● **INFORMATION PROVIDED**
※ ※ ※
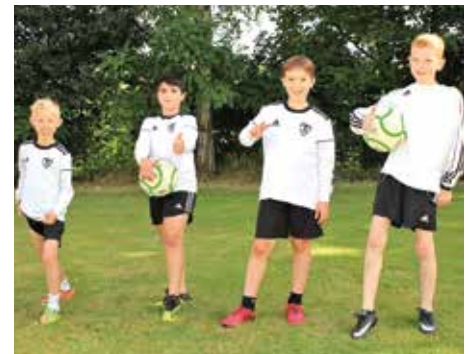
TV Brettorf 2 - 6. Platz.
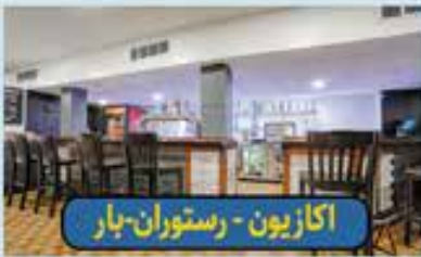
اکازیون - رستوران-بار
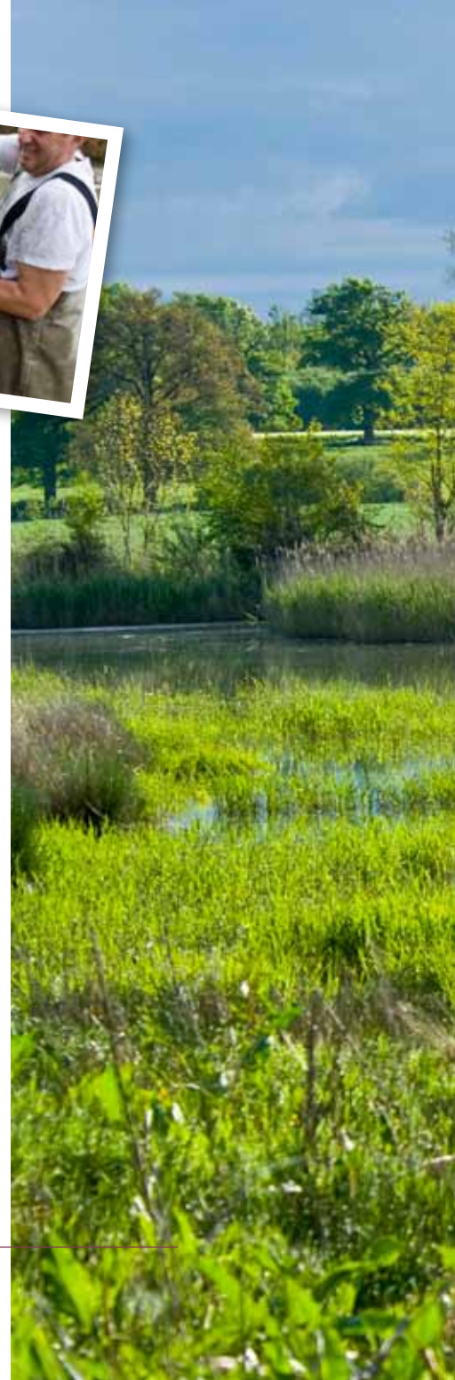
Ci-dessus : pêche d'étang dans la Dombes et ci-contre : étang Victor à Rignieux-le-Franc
※ ※ ※
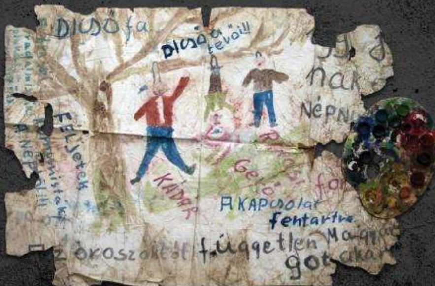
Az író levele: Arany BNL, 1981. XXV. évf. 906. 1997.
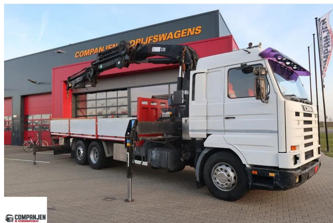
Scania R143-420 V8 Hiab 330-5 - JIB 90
※ ※ ※
● **WHAT TO WORK ON**
Only one stretch of the data is wanted: write out exactly the lines from the one holding "TV Brettorf 2 - 6. Platz." through the one holding "Ci-dessus : pêche", both included, without the pictures.

● **THE ANSWER**
TV Brettorf 2 - 6. Platz.
اکازیون - رستوران-بار
Ci-dessus : pêche d'étang dans la Dombes et ci-contre : étang Victor à Rignieux-le-Franc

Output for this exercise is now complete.